I have the following example dataframe:
df = pd.DataFrame({'planet':['Earth','Earth','Mars',np.nan,'Venus','Mars',np.nan,'Venus','Earth',np.nan],
'group':['alpha','alpha','beta','gamma','delta','beta','delta','delta','gamma','beta']})
Every row is an individual's planet and group. It is given that the planet of a particular group is same for all individuals. So if alpha group is from Earth, all individuals in alpha group are from Earth. I want to use this information to fill the missing values in planet column.
What I did was create a dataframe with rows that are missing planet values:
df2 = df[pd.isna(df['planet'])]
and used the groups in df2 to slice the original dataframe, adding the condition that planet values are not null:
df3 = df[(~pd.isna(df['planet'])) & (df['group'].isin(df2['group']))]
df3 = df3.drop_duplicates()
Now how do I fill in the missing values in the original dataframe (df)?

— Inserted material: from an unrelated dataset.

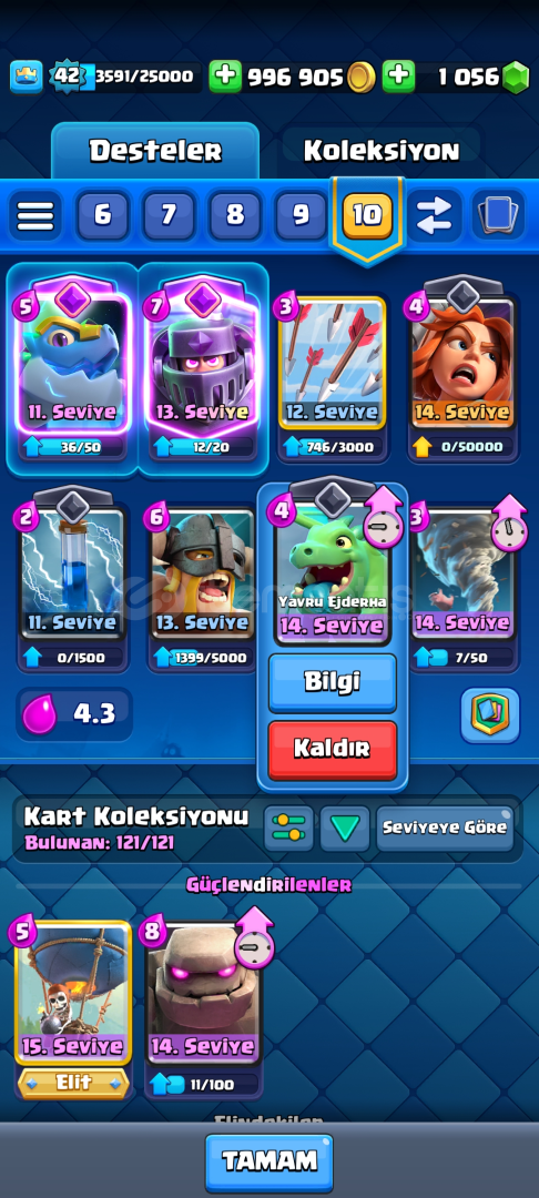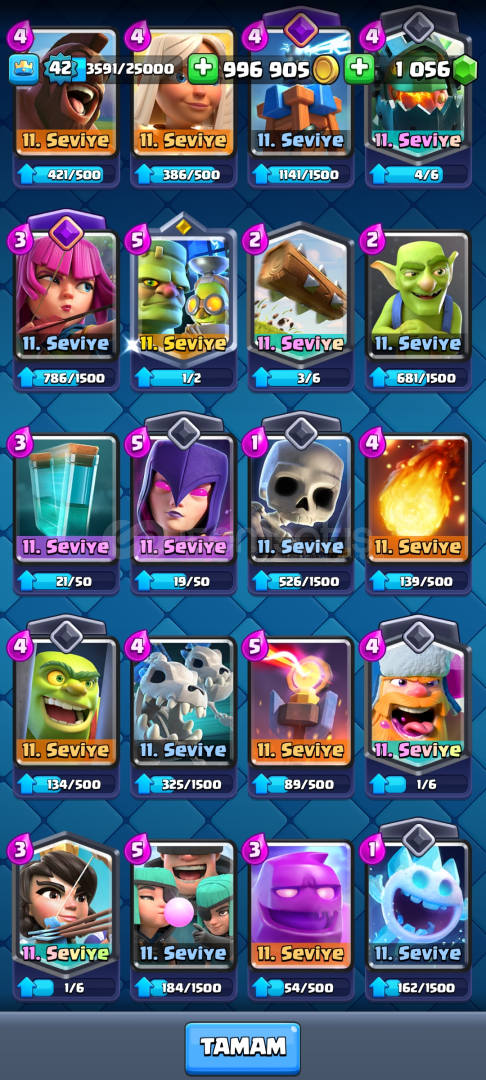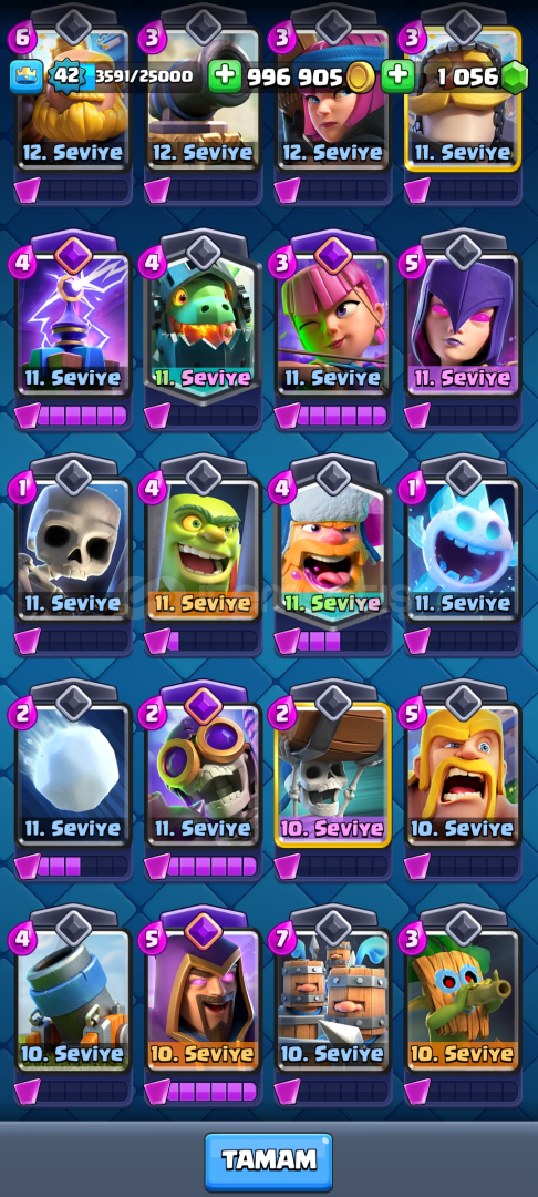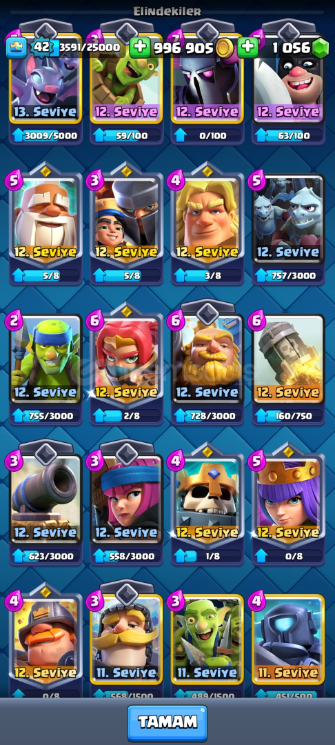 ✅HESAP 8.025 KUPALIDIR✅3 YILLIK HESAPTIR ✅42 SEVİYEDİR ✅996 BİN ALTIN VE 1056 ELMAS VARDIR ✅BÜTÜN KARTLAR VARDIR✅KART SEVİYELERİ ÇOK YÜKSEKTİR✅BALON ELİT SEVİYEDİR✅VALKÜR 14 SEVİYEDİR✅MEGA ŞÖVALYE ELEKTRO EJDER TESLA OKÇU BÜYÜCÜ VE BOMBACI EVRİMİ VARDIR ✅BÜYÜLÜ ÖĞELERİ ...

Is there a better method?
CodePudding user response:
if alpha group is from Earth, all individuals in alpha group are from Earth
This suggests that one way that you could use is to groupby.transform
the first
to fill in the missing values:
df['planet'] = df.groupby('group')['planet'].transform('first')
Output:
planet group
0 Earth alpha
1 Earth alpha
2 Mars beta
3 Earth gamma
4 Venus delta
5 Mars beta
6 Venus delta
7 Venus delta
8 Earth gamma
9 Mars beta